All of lore.kernel.org
 help / color / mirror / Atom feed
From: Oleg Nesterov <oleg@redhat.com>
To: Darren Hart <darren@dvhart.com>,
	Peter Zijlstra <peterz@infradead.org>,
	Thomas Gleixner <tglx@linutronix.de>
Cc: Jerome Marchand <jmarchan@redhat.com>,
	Larry Woodman <lwoodman@redhat.com>,
	Mateusz Guzik <mguzik@redhat.com>,
	linux-kernel@vger.kernel.org
Subject: [PATCH 0/1] futex: check PF_KTHREAD rather than !p->mm to filter out kthreads
Date: Mon, 2 Feb 2015 15:05:15 +0100	[thread overview]
Message-ID: <20150202140515.GA26398@redhat.com> (raw)

Thomas, et al, could you please review?

The change looks trivial, but I simply can not understand this logic,
please help.



First of all, why exactly do we need this mm/PF_KTHREAD check added by
f0d71b3dcb8332f7971 ? Of course, it is simply wrong to declare a random
kernel thread to be the owner as the changelog says. But why kthread is
worse than a random user-space task, say, /sbin/init?

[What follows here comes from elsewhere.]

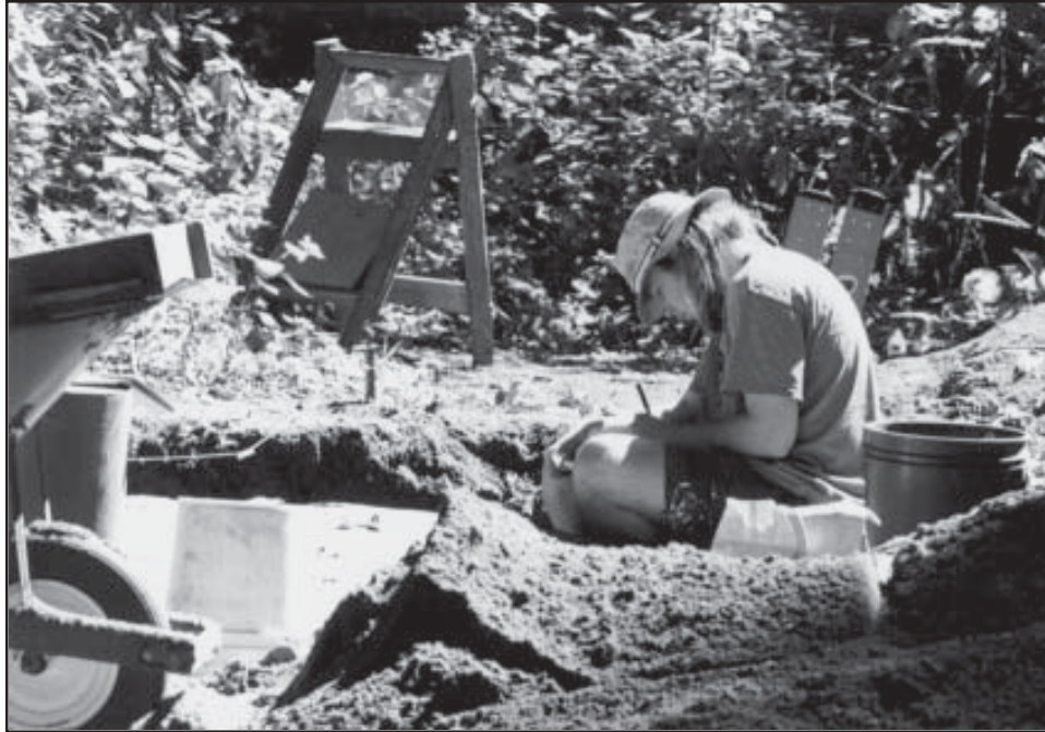
APPENDIX 2, PLATE 2: ASIDE FROM THE MOSQUITOS, THE DAPPLED SUNLIGHT AND HEAVY FOLIAGE PROVIDE A PLEASANT WORKING ENVIRONMENT.

IIUC, the fact that we can abuse ->pi_state_list is not that bad, no matter
if this (k)thread will exit or not. AFAICS, the only problem is that we can
boost the prio of this thread. Or I missed another problem?

I am asking because we need to backport some fixes, and I am trying to
convince myself that I actually understand what I am trying to do ;)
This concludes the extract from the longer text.